Under the acquisition terms, CyberArk shareholders will receive $45 in cash plus 2.2005 shares of Palo Alto Networks common stock for each CyberArk ordinary share. The deal marks Palo Alto’s largest acquisition to date and significantly strengthens its Israeli research and development footprint, which is already its largest outside Silicon Valley.

CEO Nikesh Arora is positioning the company as a comprehensive cybersecurity platform provider, aiming to capitalize on increasing demand fueled by artificial intelligence-driven threats and digital transformation.

The Tel Aviv Stock Exchange welcomed the move, describing it as a milestone for Israel’s capital markets. The listing will provide Israeli institutional and retail investors with direct access to Palo Alto shares while preserving CyberArk’s identity within the group.

Meanwhile, rival Check Point Software Technologies confirmed it will remain solely listed on Nasdaq.

Verisk Scraps $2.35 Billion AccuLynx Acquisition After FTC Review Delay

Verisk has terminated its planned $2.35 billion acquisition of roofing software provider AccuLynx, citing delays in regulatory approval by U.S. antitrust authorities. The decision was disclosed in a statement released on Monday.

Verisk said the move followed notification from the Federal Trade Commission that it had not completed its review of the transaction by the agreed termination deadline of December 26. As a result, the merger was not finalized by the extended cutoff date, prompting Verisk to formally call off the deal last week.

The data analytics firm first announced the acquisition in July, positioning the purchase as a strategic expansion into software solutions for the insurance and construction ecosystem. At the time, the transaction was expected to close by the third quarter of 2025, subject to regulatory approvals.

The termination has already sparked a dispute between the two companies. Verisk said AccuLynx has informed it that it believes the termination of the merger agreement is invalid. Verisk rejected that claim, stating it “strongly disagrees” and intends to “vigorously defend against any such assertions.” Neither AccuLynx nor the FTC immediately responded to requests for comment.

Following the collapse of the deal, Verisk said it plans to redeem approximately $1.5 billion in debt that had been issued to finance the acquisition. The decision removes a major transaction from Verisk’s growth plans and underscores the growing impact of prolonged regulatory scrutiny on large technology and data-related mergers.

Prosus Eyes Possible Bid for Germany’s Largest Online Auto Marketplace Mobile.de

Dutch tech investment giant Prosus has shown early-stage interest in acquiring Mobile.de, Germany’s biggest online auto marketplace, according to sources familiar with the matter.

Current owners Permira and Blackstone are leaning toward an initial public offering (IPO) rather than an outright sale, but Prosus — through its classifieds division OLX — could enter the race depending on market conditions. The company’s tentative approach underscores growing competition for digital auto platforms across Europe.

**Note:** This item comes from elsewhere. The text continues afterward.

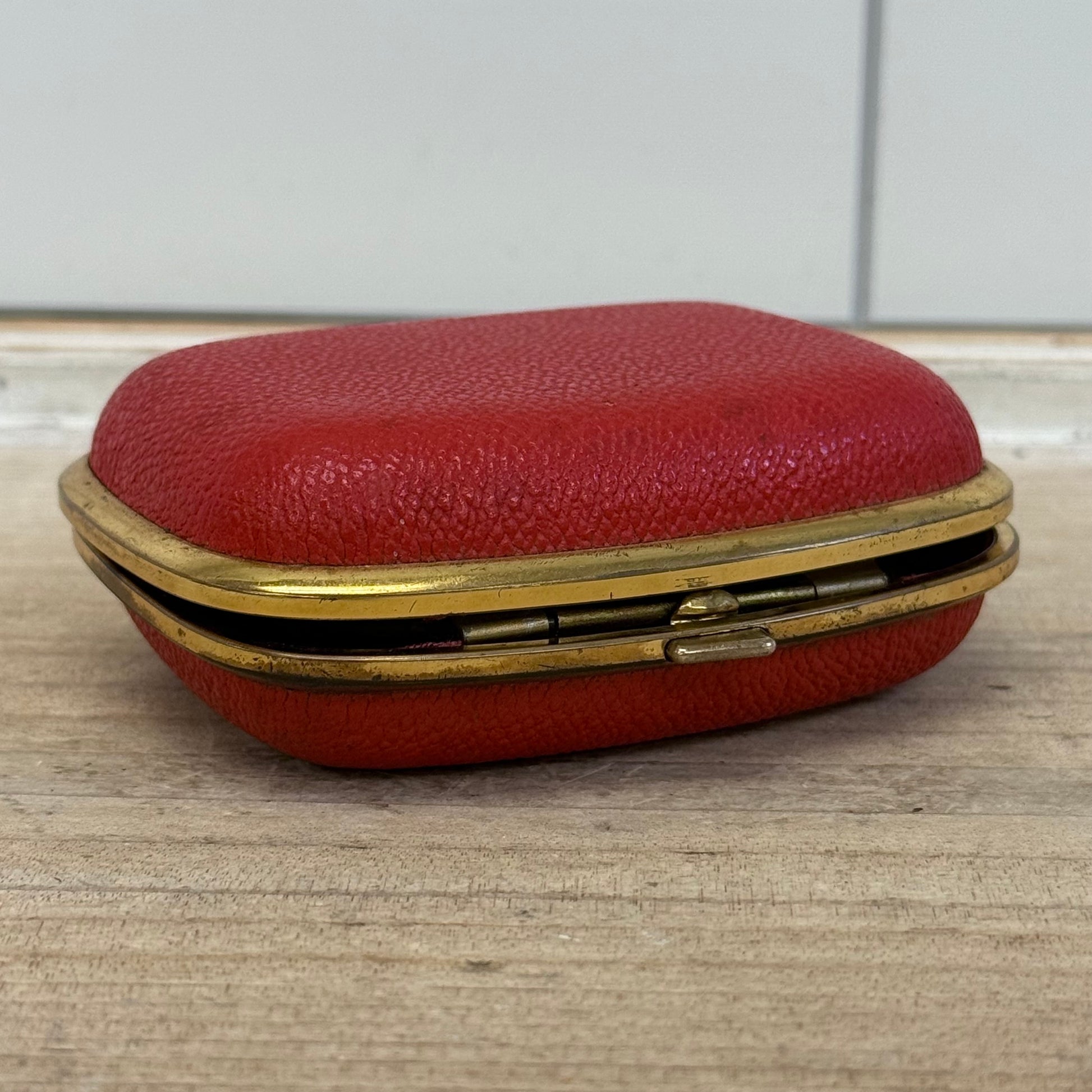 Stylish and compact, this Bradley Mechanical Travel Alarm Clock in its striking red leather case captures the elegance of vintage travel accessories. Made in Germany, it features the maker’s mark on both the clock face and backside, reflecting precision craftsmanship and timeless design. The clock folds neatly into its red leather case for easy portability—measuring 4”x3”x2” when closed and 3”x4”x3” when open—and has been tested and works perfectly. In good vintage condition with minor wear consistent with age and use, this piece is both a functional timepiece and a charming collectible.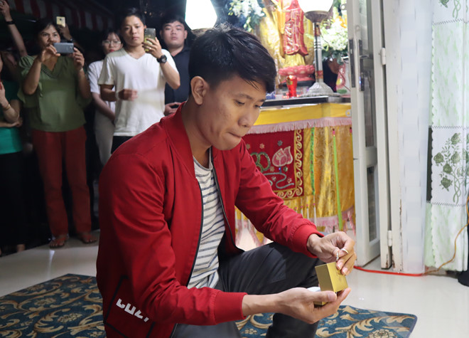 Tối 25/8, Ân có mặt tại sân bay Tân Sơn Nhất rồi nhanh chóng đi xe về nhà bạn gái ở Củ Chi. Đêm muộn, vùng quê ngoại thành yên tĩnh càng thêm tĩnh lặng bởi không khí u ám tĩnh mịch nơi hẻm nhà cô gái xấu số. Không mâm quả, không trầu cau, Ân nhận vội bó hoa cưới rồi tiến đến quan tài vợ.

The private equity funds have enlisted JPMorgan and Goldman Sachs to prepare Mobile.de for a potential IPO that could value the company at up to €10 billion ($11.7 billion), sources said. The listing could take place next year, though no formal sale process has yet begun.

Alongside Prosus, private equity groups EQT, Cinven, and Apax have also expressed interest, according to the report. All parties declined to comment.

Mobile.de’s parent company, Adevinta, was purchased by Permira and Blackstone in 2023 for around 141 billion Norwegian crowns. Since then, the new owners have begun breaking up Adevinta’s holdings, including selling its Spanish classifieds business to EQT and its Austrian subsidiary Willhaben to Sprints and Styria Media Group.

Prosus, the investment arm of South Africa’s Naspers, has recently expanded its automotive footprint, buying France’s La Centrale platform for €1.1 billion earlier this month.

The early-stage talks reflect the growing investor appetite for online vehicle marketplaces, which have proven resilient and profitable amid a broader slowdown in tech valuations.